## Data extract
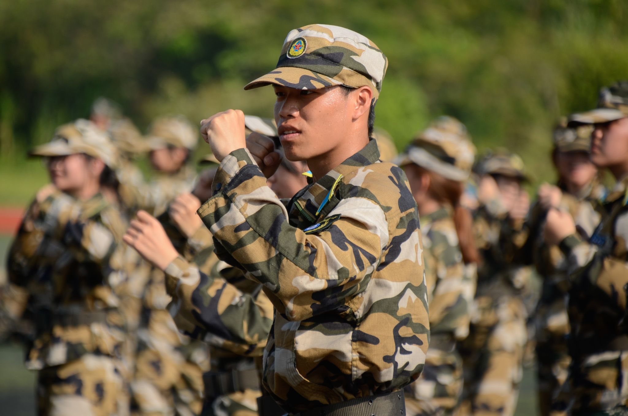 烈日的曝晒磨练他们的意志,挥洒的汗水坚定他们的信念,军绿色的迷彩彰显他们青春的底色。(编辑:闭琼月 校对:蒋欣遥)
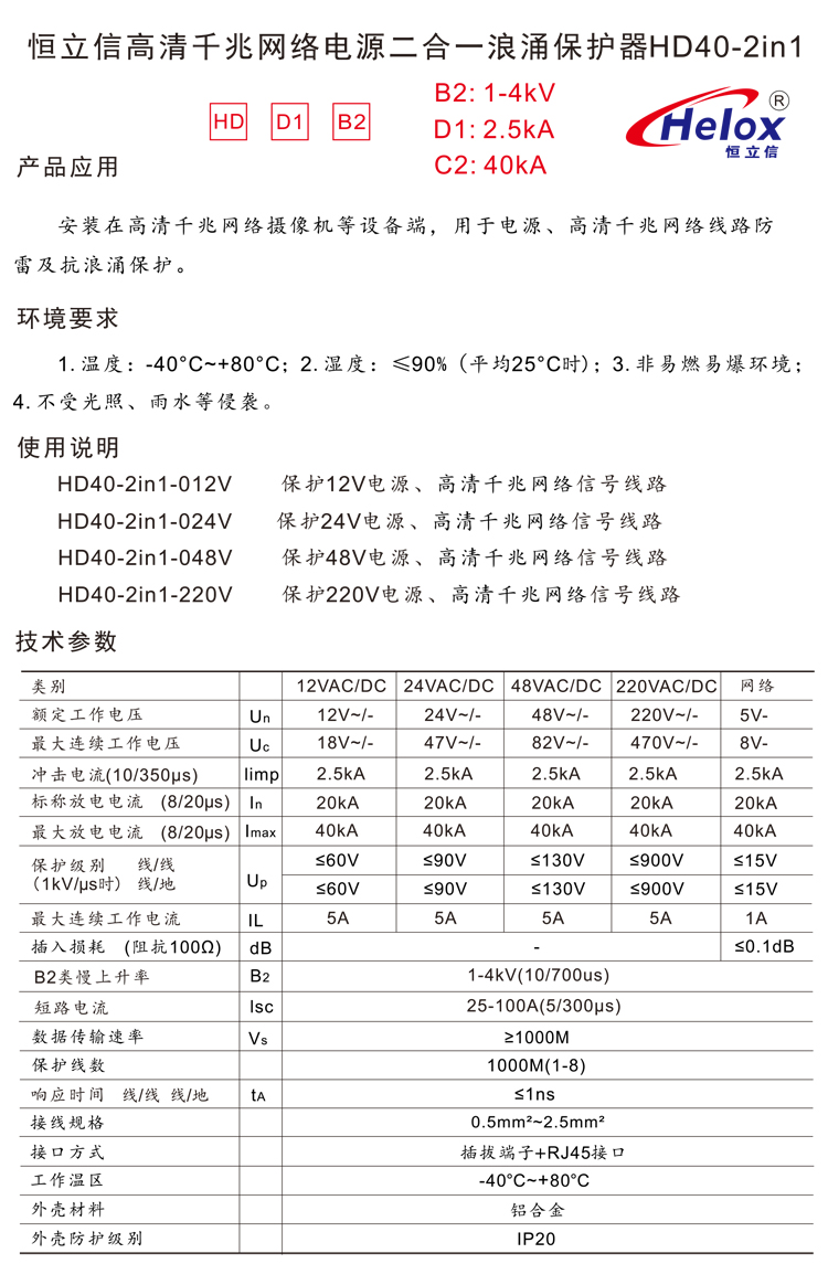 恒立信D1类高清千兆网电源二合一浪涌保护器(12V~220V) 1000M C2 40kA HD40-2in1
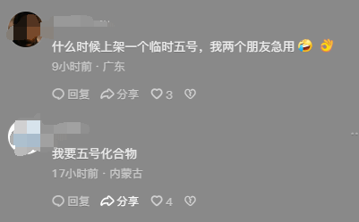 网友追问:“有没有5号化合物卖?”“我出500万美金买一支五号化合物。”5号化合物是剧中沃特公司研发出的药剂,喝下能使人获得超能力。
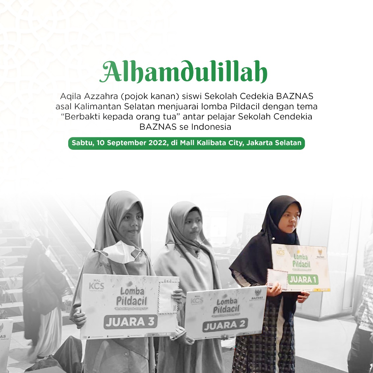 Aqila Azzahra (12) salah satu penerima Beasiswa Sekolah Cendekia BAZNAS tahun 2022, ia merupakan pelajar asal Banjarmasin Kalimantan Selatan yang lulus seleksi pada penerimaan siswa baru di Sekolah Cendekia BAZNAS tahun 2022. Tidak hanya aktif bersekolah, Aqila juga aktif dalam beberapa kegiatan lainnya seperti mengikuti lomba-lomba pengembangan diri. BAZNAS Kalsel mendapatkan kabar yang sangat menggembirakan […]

## Requirement
Render the data above verbatim and without pictures.

## Task response
 烈日的曝晒磨练他们的意志,挥洒的汗水坚定他们的信念,军绿色的迷彩彰显他们青春的底色。(编辑:闭琼月 校对:蒋欣遥)
 恒立信D1类高清千兆网电源二合一浪涌保护器(12V~220V) 1000M C2 40kA HD40-2in1
 网友追问:“有没有5号化合物卖?”“我出500万美金买一支五号化合物。”5号化合物是剧中沃特公司研发出的药剂,喝下能使人获得超能力。
 Aqila Azzahra (12) salah satu penerima Beasiswa Sekolah Cendekia BAZNAS tahun 2022, ia merupakan pelajar asal Banjarmasin Kalimantan Selatan yang lulus seleksi pada penerimaan siswa baru di Sekolah Cendekia BAZNAS tahun 2022. Tidak hanya aktif bersekolah, Aqila juga aktif dalam beberapa kegiatan lainnya seperti mengikuti lomba-lomba pengembangan diri. BAZNAS Kalsel mendapatkan kabar yang sangat menggembirakan […]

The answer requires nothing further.